■ Exercise instructions ■
Records follow. Print exactly the lines from the one that has "Душевой шланг, Душевая" through the one that has "XML itself is", inclusive, and omit the pictures.
:: Records supplied ::
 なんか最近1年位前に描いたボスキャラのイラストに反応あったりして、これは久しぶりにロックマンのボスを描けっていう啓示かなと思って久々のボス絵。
:::
:: Records supplied ::
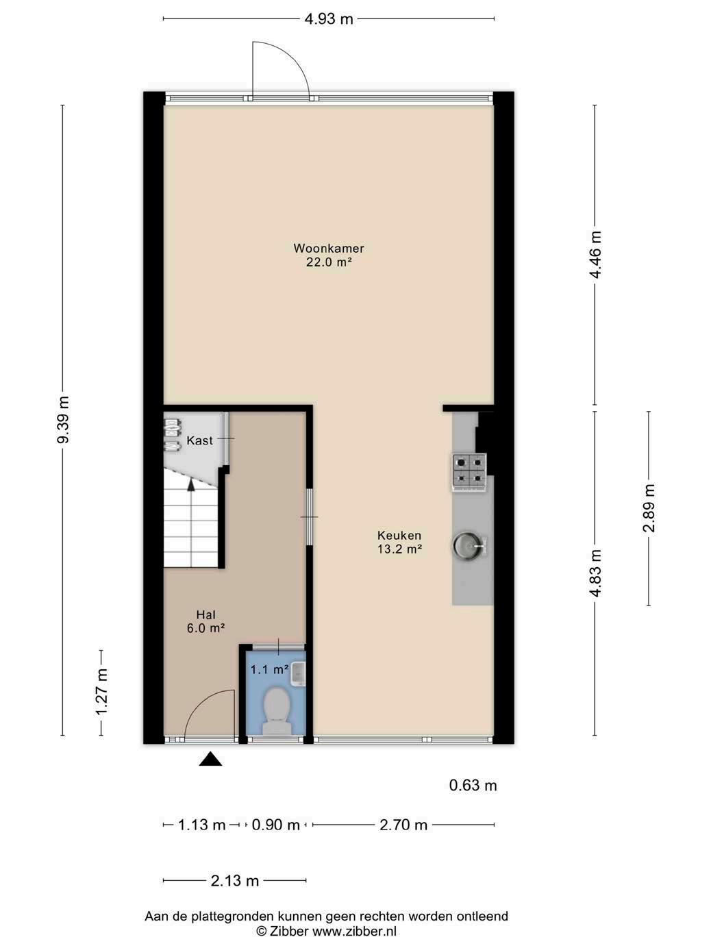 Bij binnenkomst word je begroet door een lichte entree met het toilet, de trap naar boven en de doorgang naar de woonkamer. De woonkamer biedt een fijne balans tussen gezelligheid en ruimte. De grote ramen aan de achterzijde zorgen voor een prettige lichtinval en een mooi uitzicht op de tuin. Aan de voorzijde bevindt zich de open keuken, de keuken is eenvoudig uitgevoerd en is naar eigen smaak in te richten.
:::
:: Records supplied ::
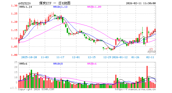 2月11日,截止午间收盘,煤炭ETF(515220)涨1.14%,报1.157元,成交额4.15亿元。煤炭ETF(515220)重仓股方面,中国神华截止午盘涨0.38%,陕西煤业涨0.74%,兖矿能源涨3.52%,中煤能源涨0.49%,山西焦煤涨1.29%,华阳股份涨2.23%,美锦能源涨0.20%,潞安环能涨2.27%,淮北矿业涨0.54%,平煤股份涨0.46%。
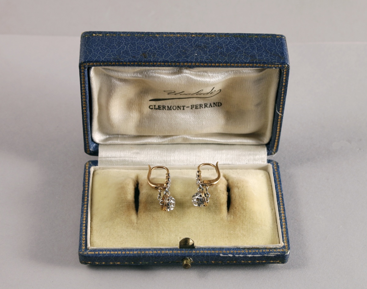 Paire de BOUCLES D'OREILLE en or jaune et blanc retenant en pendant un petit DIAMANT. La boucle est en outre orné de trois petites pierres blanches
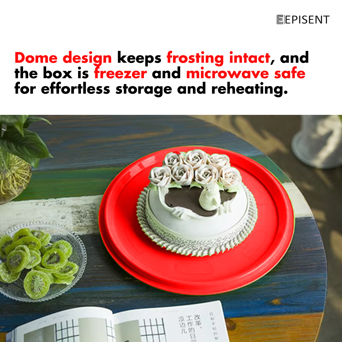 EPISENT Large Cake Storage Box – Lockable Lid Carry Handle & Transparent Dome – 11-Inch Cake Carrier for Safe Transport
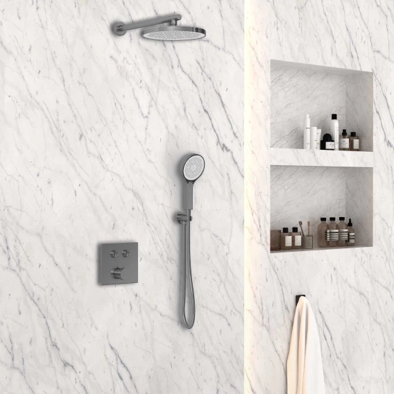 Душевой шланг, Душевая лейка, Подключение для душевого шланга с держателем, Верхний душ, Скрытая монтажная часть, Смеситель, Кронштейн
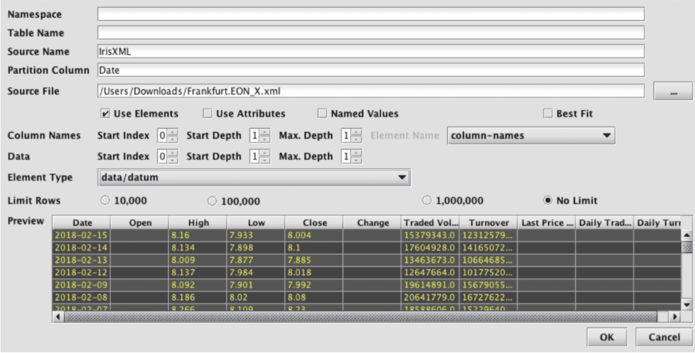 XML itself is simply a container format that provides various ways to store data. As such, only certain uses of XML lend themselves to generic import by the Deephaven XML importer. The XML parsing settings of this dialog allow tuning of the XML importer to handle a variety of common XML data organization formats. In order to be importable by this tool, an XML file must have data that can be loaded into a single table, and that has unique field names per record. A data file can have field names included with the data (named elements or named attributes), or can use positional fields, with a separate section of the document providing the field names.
:::
■ Solution to the exercise ■
 Душевой шланг, Душевая лейка, Подключение для душевого шланга с держателем, Верхний душ, Скрытая монтажная часть, Смеситель, Кронштейн
 XML itself is simply a container format that provides various ways to store data. As such, only certain uses of XML lend themselves to generic import by the Deephaven XML importer. The XML parsing settings of this dialog allow tuning of the XML importer to handle a variety of common XML data organization formats. In order to be importable by this tool, an XML file must have data that can be loaded into a single table, and that has unique field names per record. A data file can have field names included with the data (named elements or named attributes), or can use positional fields, with a separate section of the document providing the field names.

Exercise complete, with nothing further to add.